### The data ###
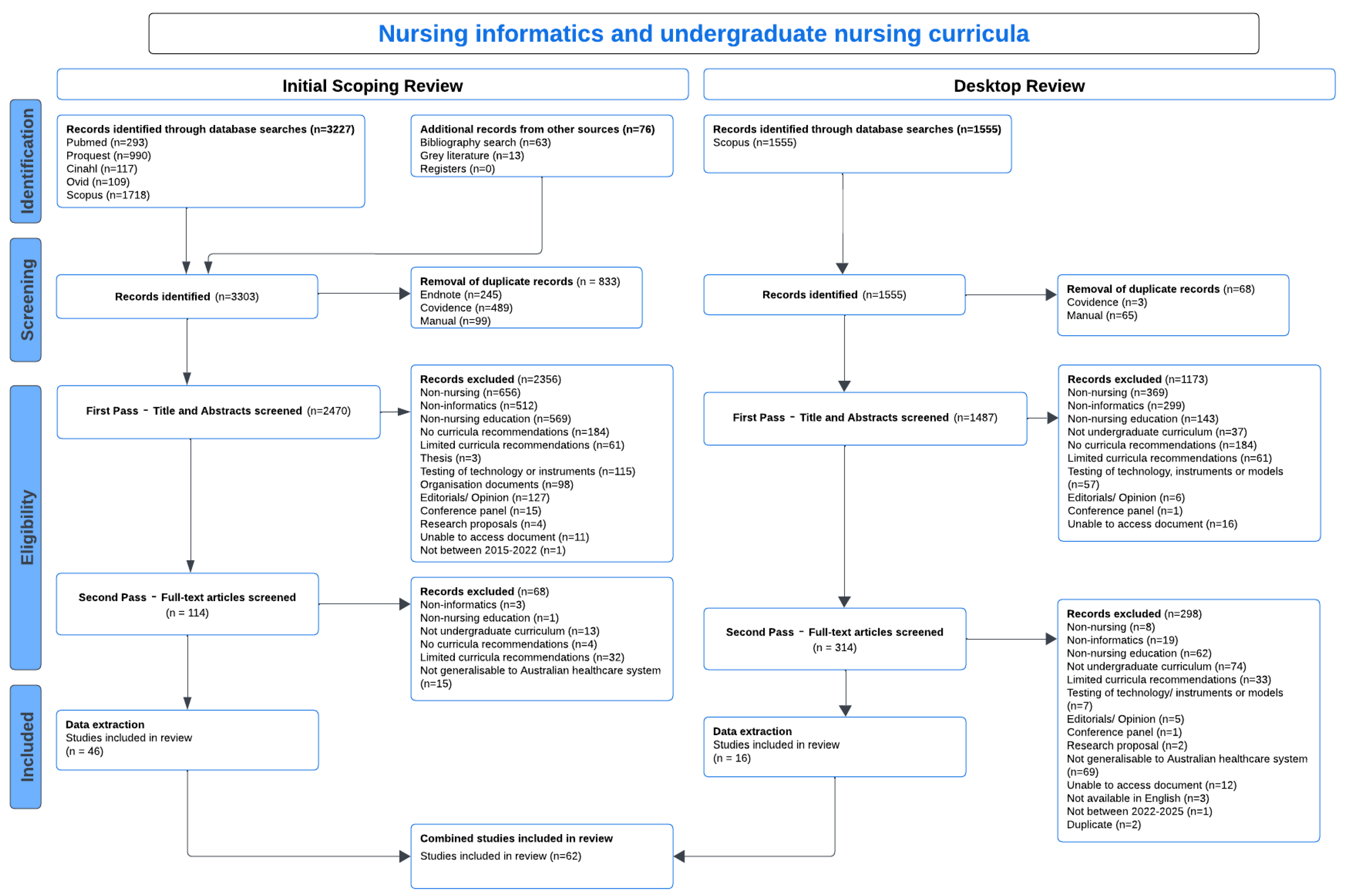 | Exclusion Criteria | Scoping Review Total Articles n = 3303 | Subsequent Desktop Review Total Articles n = 1555 | Total Sources Excluded (n = 3895) |
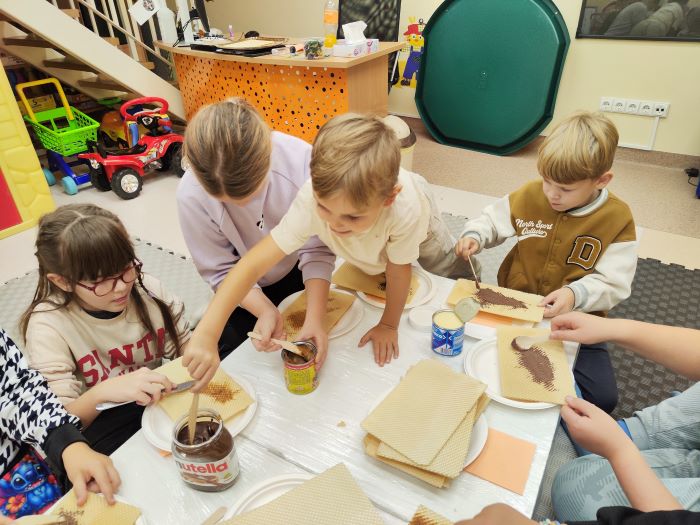 Mažylių skaitykloje vyko kulinarinė edukacija „Mažylių pyragas“. Vaikai turėjo progą išbandyti rankų miklumą gamindami pyragą iš vaflių. Patys mažieji tepė įvairius ingredientus ir sluoksniavo vaflius, sukurdami savitą skonių derinį. Po šio smagaus užsiėmimo dalyviai buvo pakviesti stebėti trumpą spektakliuką „Pagrandukas“, kurį parengė Mingailė, Lėja ir Viltė. Galiausiai visi draugiškai skanavo savo pačių sukurtą „pyrago“ šedevrą, mėgaudamiesi pasiektu rezultatu.
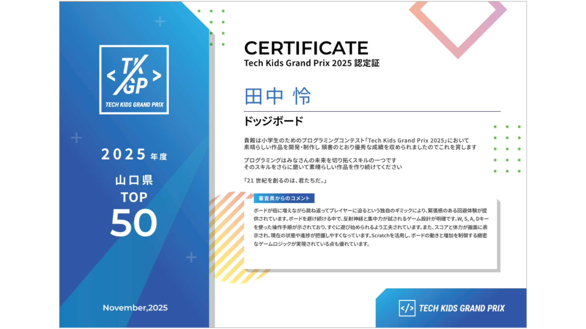 そしてなんと今回、「Tech Kids Grand Prix 2025」で、田中 怜さんが地域で高く評価され、特別に “認定証” が贈呈されました!
###
Task requirements: Across the whole listing above, repeat each line exactly and leave out the images.

Answer to this task:
 | Exclusion Criteria | Scoping Review Total Articles n = 3303 | Subsequent Desktop Review Total Articles n = 1555 | Total Sources Excluded (n = 3895) |
 Mažylių skaitykloje vyko kulinarinė edukacija „Mažylių pyragas“. Vaikai turėjo progą išbandyti rankų miklumą gamindami pyragą iš vaflių. Patys mažieji tepė įvairius ingredientus ir sluoksniavo vaflius, sukurdami savitą skonių derinį. Po šio smagaus užsiėmimo dalyviai buvo pakviesti stebėti trumpą spektakliuką „Pagrandukas“, kurį parengė Mingailė, Lėja ir Viltė. Galiausiai visi draugiškai skanavo savo pačių sukurtą „pyrago“ šedevrą, mėgaudamiesi pasiektu rezultatu.
 そしてなんと今回、「Tech Kids Grand Prix 2025」で、田中 怜さんが地域で高く評価され、特別に “認定証” が贈呈されました!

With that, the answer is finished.